Solomon isn’t able to maintain his detachment. A slight tremor comes and goes in his voice. Sometimes he pauses before he can continue.

“Kirk Granger, one of ours … the one dead in the kitchen. He rushes to restrain Ramsey before the kid hurts himself, bends over him with fresh zip-ties. Ramsey shrieks a long stream of obscenities worse than you’d hear in the most-violent ward of a prison for the criminally insane, not coherent, just vicious, rank. He comes out of his chair. He bites … bites Kirk’s face … bites it hard. So damn fast, snake-quick. He tears into Kirk’s face, his throat. He rips a carotid, maybe a jugular. Didn’t see how he took the eyes. Kirk is a martial-arts guy … but he’s blinded then dead, taken down in five seconds. Ramsey scrambles across the table, knocks his dad out of a chair, tramps his throat, snatches a cleaver from a rack, swings it. Such power. It’s just ten seconds after he first went nuts.”

Dubose returns to his unanswered question. “Why doesn’t the sonofabitch have five bullets in his head?”

From his chair, without taking his eyes off Ramsey, Taratucci says, “Don’t be a jerk. You notice all the bullet holes in the kitchen cabinets, the walls? He’s like some bat out of Hell, how fast he moves. You can’t hit what won’t be a target.”

Solomon says, “Brother’s dead, mother runs for it. He wants her more than us, maybe to rape before he kills her. His own mother. It’s chaos. But when we inject an entire household, we bring a Taser XREP twelve-gauge, in case there’s effective resistance.

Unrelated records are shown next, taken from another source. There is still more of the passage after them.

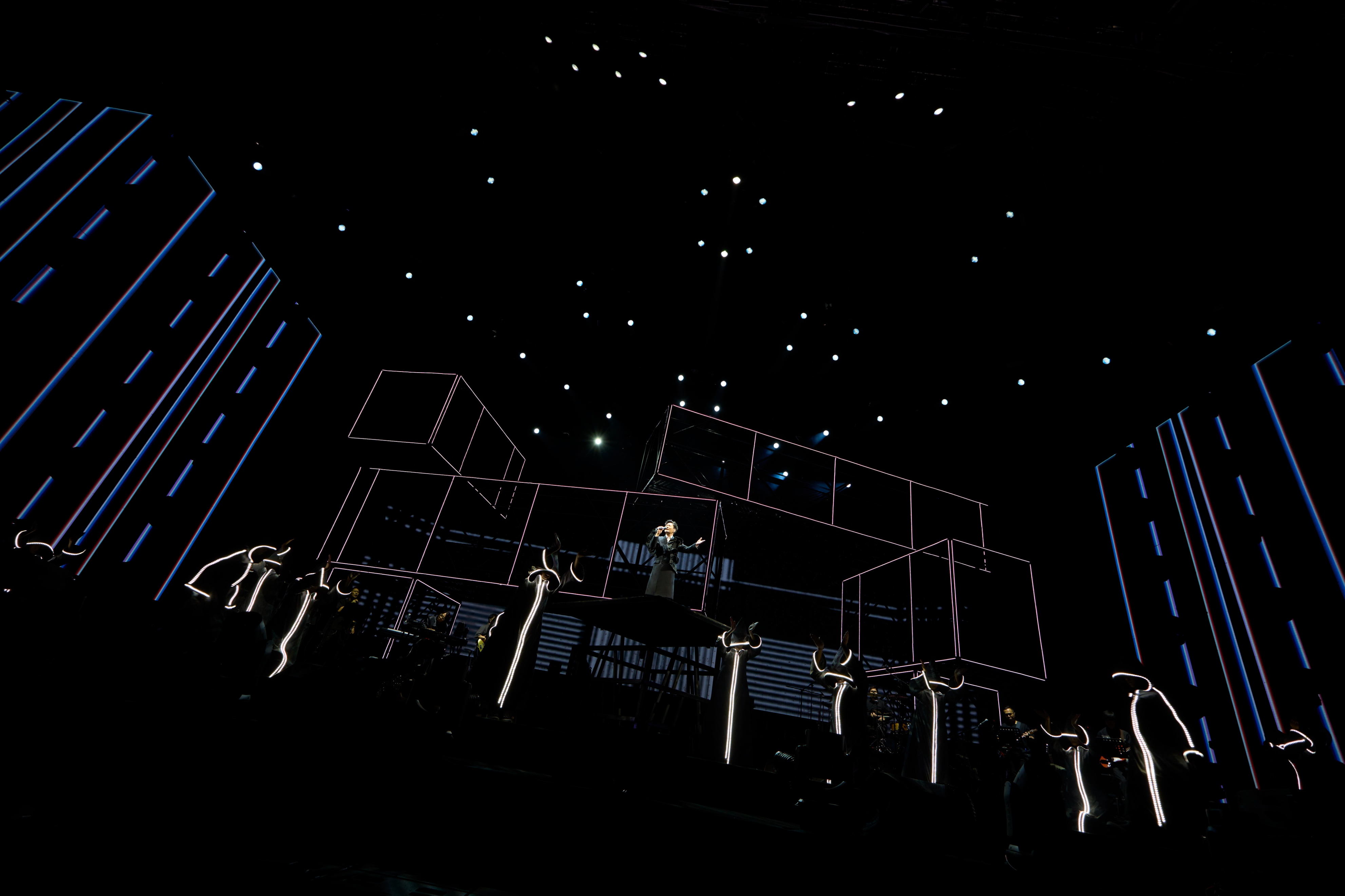 除了选曲用心,未来式2.0舞台上呈现了许多与艺术家合作的视觉作品。演唱歌曲《时间都去哪儿了》时,主屏幕上出现张信哲与德国艺术家合作创作的艺术作品——《时间》。作品用张信哲的脸做成了3D建模影像,通过随着时间生成皱纹,呈现岁月流逝。张信哲现场调侃自己“如果我的脸皱成一团的时候来开演唱会,你们会接受吗”,引得歌迷热烈表白,高呼“喜欢”、“会来”。
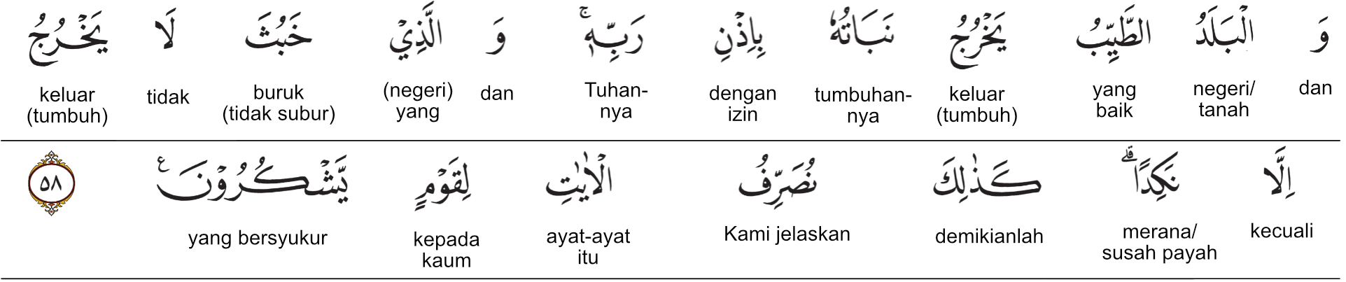 Maka ayat ke-58 melanjutkan gambaran itu dengan menjelaskan hasil yang berbeda dari hujan yang sama. Hujannya satu, tetapi tanahnya berbeda. Tanah yang baik menumbuhkan tanaman dengan subur, tanah yang buruk hanya menghasilkan tanaman yang merana atau tidak bermanfaat.
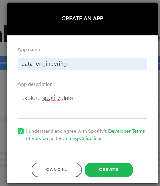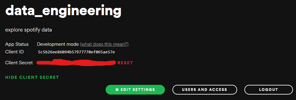 spotify 가입후 dashboard에들어가서 api id, secret key를 획득하자
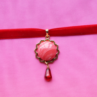 Choker extension, velvet choker, pendant bail and back closure findings are made from recycled nickel free metals and fabric
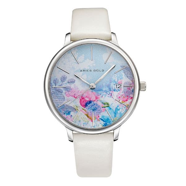 ARIES GOLD ENCHANT FLEUR SILVER STAINLESS STEEL L 5035 S-BUFL LEATHER STRAP WOMEN'S WATCH

So I put a round in his back while he’s on the porch tearing at her clothes.”

“He was so gone,” Taratucci says, “he didn’t know who she was.”

Solomon says, “She was already dead. When he caught her and dragged her down, she broke her neck.”

Staring at Ramsey Corrigan, Dubose speculates. “He knew—he could feel—something was deep inside his head, enslaving him. The control program tried to repress his fear, maybe applied too much pressure, burnt out some neurons, maybe the nanoweb itself badly malfunctioned, whatever, and just kicked his terror into hyperdrive, triggered a rapid-fire psychological meltdown. His psyche came apart like sugar lace. Personality dissolved. Shenneck said this might rarely happen, but he hoped a collapse would end in a catatonic state or in a condition of feeble physical and mental incoherence. He didn’t think an adjusted person, damaged like this, would instead plunge all the way down through the forbidden door.”